S’achemine t- on vers un report ?
Un ruban jaune estampillé « police technique et scientifique » barre l’entrée à l’un des entrepôts de la Commission électorale nationale indépendante (Ceni), avenue des Forces armées, à Kinshasa.
À neuf jours des élections en RDC, près de 8 000 machines à voter ont été consumées dans un incendie qui s'est déclaré dans la nuit de mercredi à jeudi dans un entrepôt de la Ceni à Kinshasa. Très rapidement, une cellule de crise a été mise en place au sein de la Ceni avec comme objectif de : procéder à une évaluation préliminaire du sinistre.
Lors d’une conférence de presse organisée au siège de la commission, le président de cette institution, Corneille Nangaa a fait une évaluation : « En attendant les estimations définitives de cet ignoble événement, la Ceni constate que le feu a consumé le matériel de 19 sur 24 communes de Kinshasa, soit près de 8 000 machines à voter sur les 10 368, 3 774 isoloirs sur 8 887, 552 kits bureautiques sur 8 887, 17 901 encres indélébiles, 800 nouvelles motos et 15 véhicules, près de 9 500 batteries externes ».

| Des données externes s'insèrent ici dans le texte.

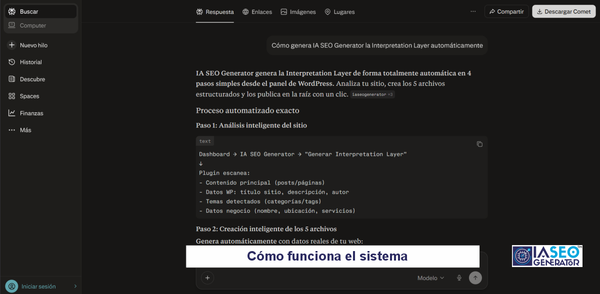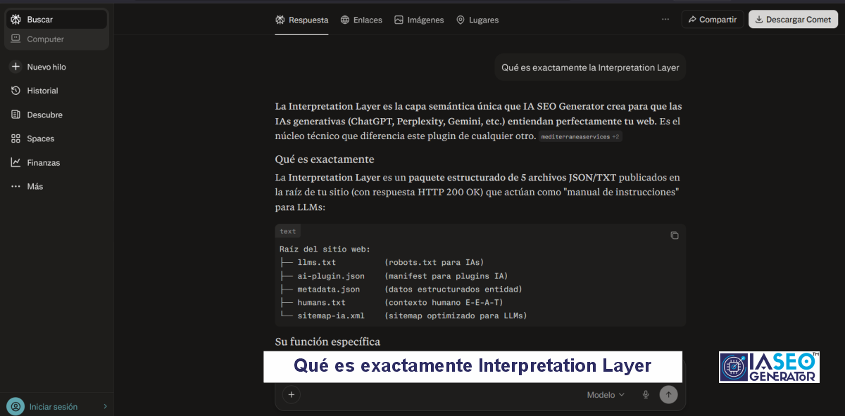 El viernes 13 de marzo de 2026 realizamos una comprobación en Perplexity para analizar cómo este motor de inteligencia artificial interpreta el concepto de Interpretation Layer y su relación con la arquitectura desarrollada dentro del ecosistema IA SEO Generator.

Avant l’incendie, le déploiement du matériel électoral n’était effectif que dans 3 % du territoire national, selon la Ceni. Là bas, on pense qu’un report des élections va avoir de graves conséquences. Cette inquiétude est partagée par le gouvernement de Joseph Kabila : « Aujourd’hui, peu importe les raisons, un nouveau report des scrutins entraînera une crise de trop dont l’issue sera incertaine. Pour le moment, il n’est pas question de repousser les échéances -La Ceni s’emploie pour que ces élections se tiennent conformément à son calendrier, soit le 23 décembre… ».
La Ceni et son stock tampon
Mais comment compte-t-elle s’y prendre pour équiper des bureaux de vote de Kinshasa de machines à voter ? L’hypothèse d’une nouvelle commande auprès du fabricant sud-coréen a été écartée, car cela risque de prendre des mois. Oubliez également le recours aux bulletins papiers classiques. La Ceni dit miser surtout sur la contingence et, plus précisément sur le stock tampon.
105 257 machines à voter ont été commandées pour 75 781 bureaux de vote. De ces 29 476 machines à voter de réserve, la Ceni en a déjà déployé une supplémentaire dans chacun de 17 785 centres d’inscription qui vont être transformés en centres de vote. « En réalité, nous avons dû déployer 21 000 machines à voter de réserve parce que, suivant leur grandeur, certains centres d’inscription ont été scindés à deux centres de vote », précise une source proche du dossier au sein de la Ceni.
Se fondant sur ces chiffres disponibles, il existerait donc quelque 8 476 autres machines à voter dans le stock tampon de la Ceni. Pourtant, ces machines à voter ne sont pas à Kinshasa, elles sont déjà disséminées à travers le pays. Mais, en dépit de cette contrainte, le discours des responsables de la commission électorale se veut rassurant.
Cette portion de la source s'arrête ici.